I am developing plugins for a few companies. One of them pointed out that rendering on Windows 11 can become very slow when multiple windows are being rendered.
I was able to see that it is indeed the case. I’ve tested this with Juce 7 and the latest (develop branch) Juce 8. I have also tested with multiple codebases / plugins and also with openGL rendering enabled, or not.
It seems in each case that multiple windows often causes a very severe slowdown. 2 instances of the same plugin will almost always cause a complete freeze, one plugin window with a (non modal) dialog open will sometimes (often) do the same. I even have trouble with some comboboxes / popup menus.
It’s not 100%, I have at least one (secondary) window that seems not to slow things down much at all. No idea why though.
I assume that (maybe) Direct2D is used by windows now whether or not openGL is running (is that true?).
If so … I know that the setPixelAt function as well as some other image based things can greatly slow things down. That is the only potential culprit I can think of so far.
Have others seen something similar?
I will also note that, post win update, everything seems almost unusable on my (fairly new) windows computer. VisualStudio in particular has slowed to a crawl. Not ideal
Ok - I tried a plugin with a test window I have lying around and it got much faster (just a blank window, basically).
So, this is almost certainly related to Direct2D performance (if I understand correctly).
From this thread, it looks like the quick solution involves hacking juce to use native images:
I’ll plan on implementing that, but I wonder if anyone could give me some guidance on whether or not future Juce releases will improve the direct2D limitations, or if I should expect to need to disable them for a while.
In particular, I use a fair number of Image objects that I render on timers, and then convert to Graphics in the paint method.

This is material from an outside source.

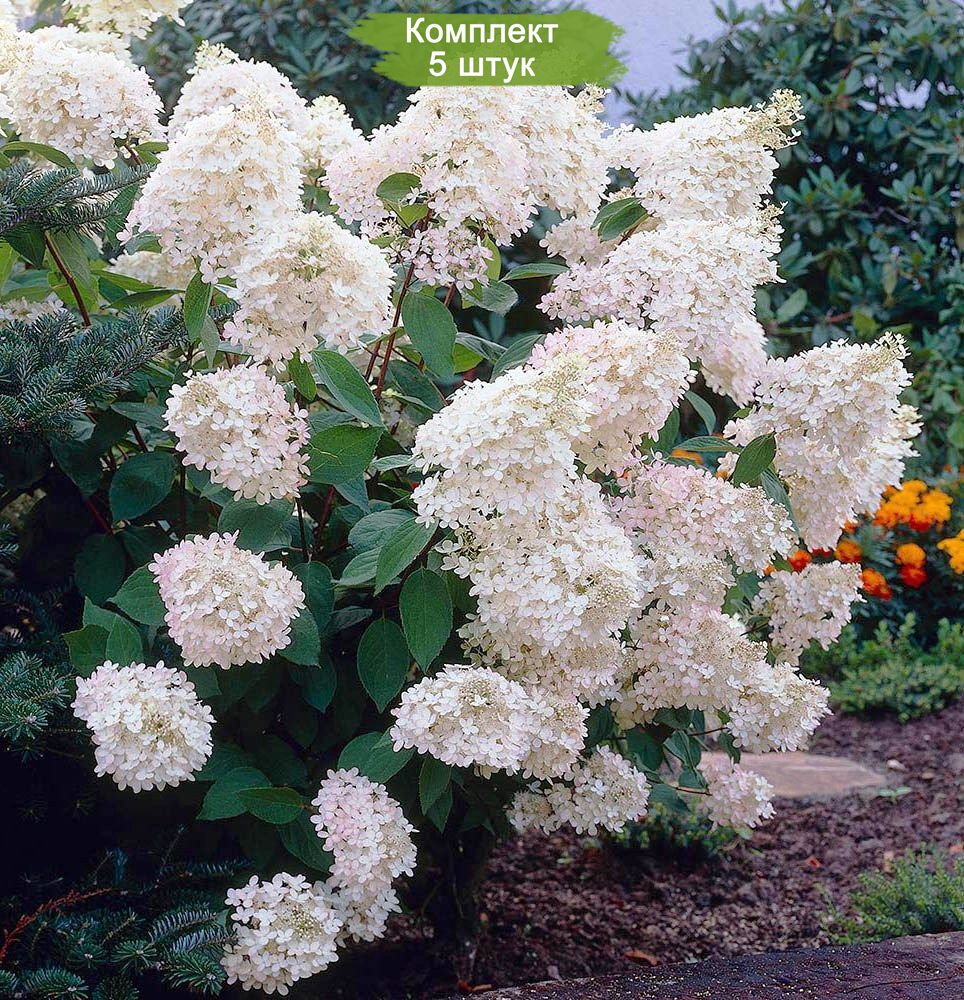 Этот комплект из 5 саженцев гортензии метельчатой Грандифлора станет отличным выбором для вашего сада, добавив ему ярких красок и изысканности.

This is now a problem because (if I understand): juce::Graphics(juce::Image myImage)
Will create a CPU side version of the image, which is a very expensive action.
Anyway, I have a lot of vector based UIs that use gradients / images in the paint routines … and it seems as though Direct2D has made that problematic.
I’ve got some thoughts on this, but I just traveled from ADC back to California and I’m still catching up. I’ll try and put something together over the weekend.